The creator of ARC-AGI believes AGI could have been built on 1980s hardware — and will fit in under 10,000 lines of code.

Key Ideas

1.

Reasoning beats raw scaling

Scaling LLMs 50,000x moved ARC-AGI scores almost zero — reasoning was the real leap.

2.

Verifiable rewards unlock full automation

Any domain with verifiable rewards can be fully automated today; unverifiable domains will stall.

3.

AGI forecasted around 2030

AGI by 2030: Chollet predicts it arrives around ARC-AGI v6 or v7.

4.

Conceptual breakthrough beats computation

The AGI codebase will likely be under 10,000 lines — it's a conceptual, not compute, problem.

5.

Domain expertise amplified by AI

Expertise compounds with AI tools — the more domain knowledge you have, the more AI empowers you.

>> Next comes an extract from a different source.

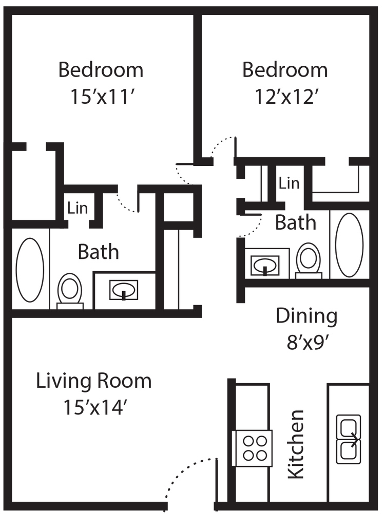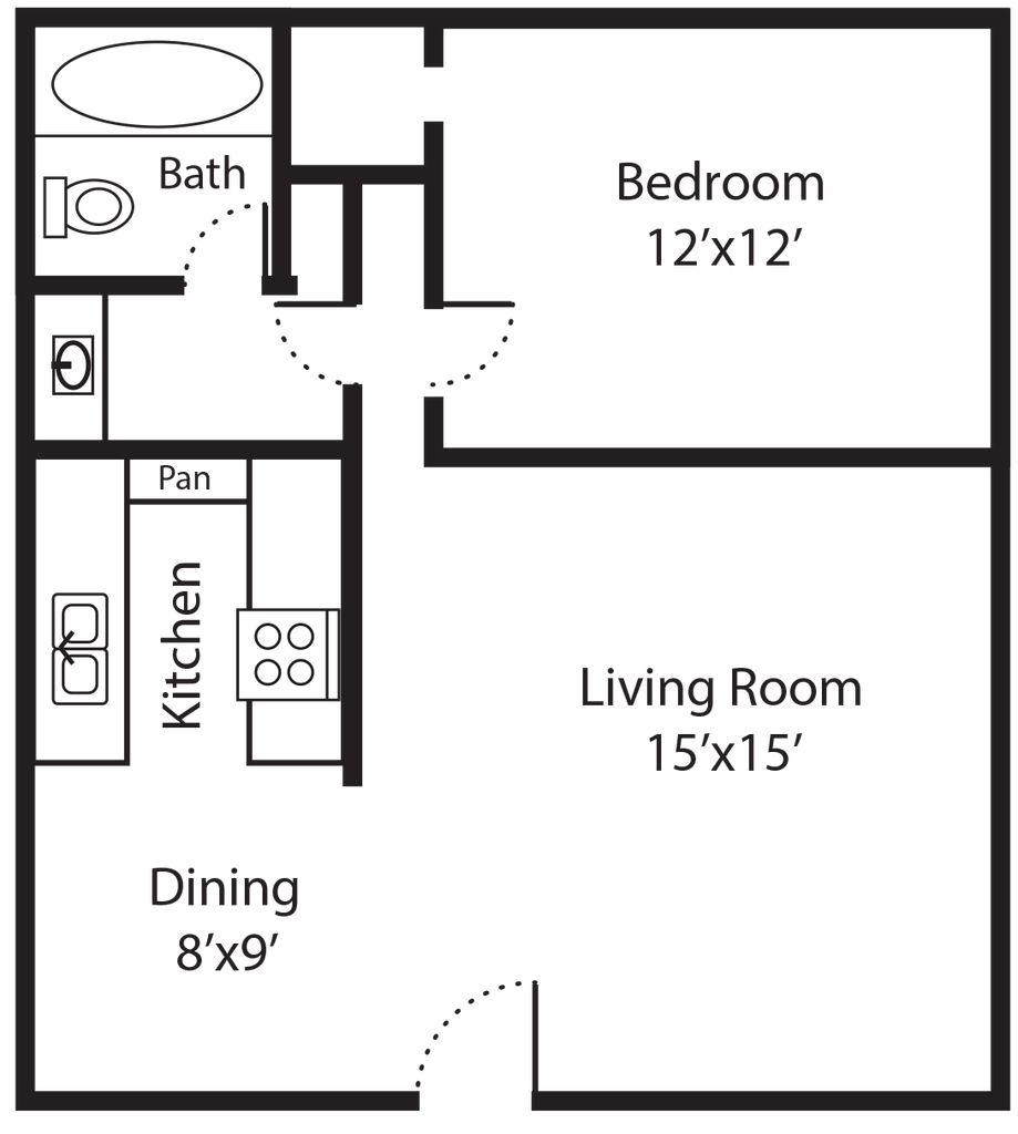 1 Dormitorio, 1 Baño, 700 pies²Disponible AhoraGalería del Modelo
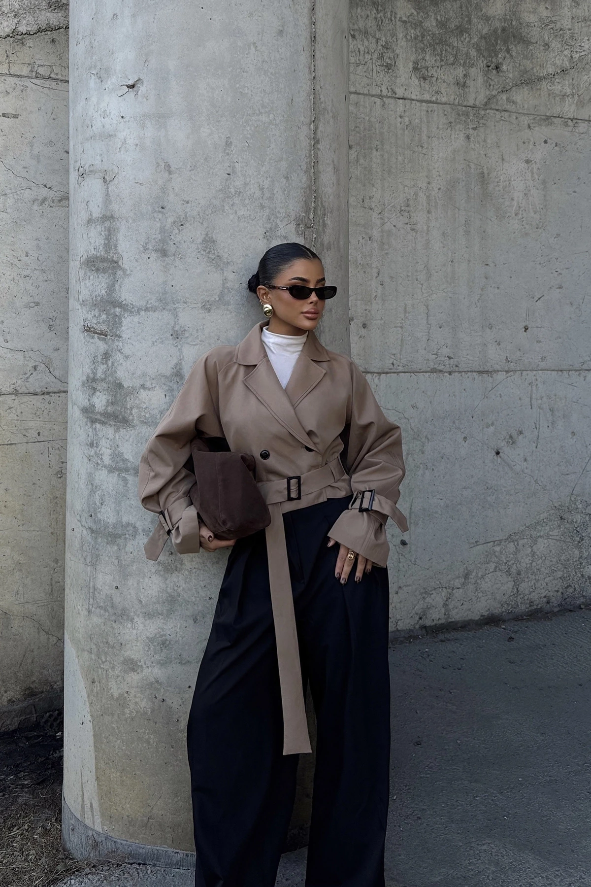 Beige Button-Front Jacket Size XS is used in the image. Height: 48 cm Bust: 51 cm Model Measurements Height 158 Weight 52 Chest 80 Waist 62 Hip 93

Why does it matter? Because the creator of the most important AI benchmark thinks the entire industry is building on the wrong foundation.

François Chollet built ARC-AGI to expose what LLMs can't do — and then watched $100B flow into the very approach he thinks is a dead end. His new lab, NDEA, is a deliberate bet against the consensus, and this conversation is the clearest articulation yet of why the scaling era may be approaching its conceptual ceiling.

  • AGI will retrospectively fit in under 10,000 lines of code — and could have run on 1980s hardware
  • Any domain with verifiable rewards can already be fully automated with current LLMs; unverifiable domains will stall
  • Scaling LLMs 50,000x moved ARC-AGI scores almost zero — reasoning models were the actual leap
  • Chollet puts AGI around 2030, roughly ARC v6 or v7, but thinks economic automation arrives domain-by-domain well before that

Symbolic program synthesis isn't a tweak to deep learning — it's a replacement for the entire stack

NDEA isn't building a better coding agent. Chollet is working two levels below that, replacing the fundamental learning substrate. The idea: instead of fitting a parametric curve via gradient descent, find the shortest possible symbolic model that explains the data.

"We are replacing the parametric curve with a symbolic model that is meant to be as small as possible," he says. "It's like the simplest possible model to explain the data."

The payoff, if it works, is dramatic: models that need far less data, run far more efficiently at inference, and generalize far better because they're genuinely compressed representations rather than interpolated patterns. This connects to the minimum description length principle — the model most likely to generalize is the shortest one. Chollet argues gradient descent structurally cannot find such models.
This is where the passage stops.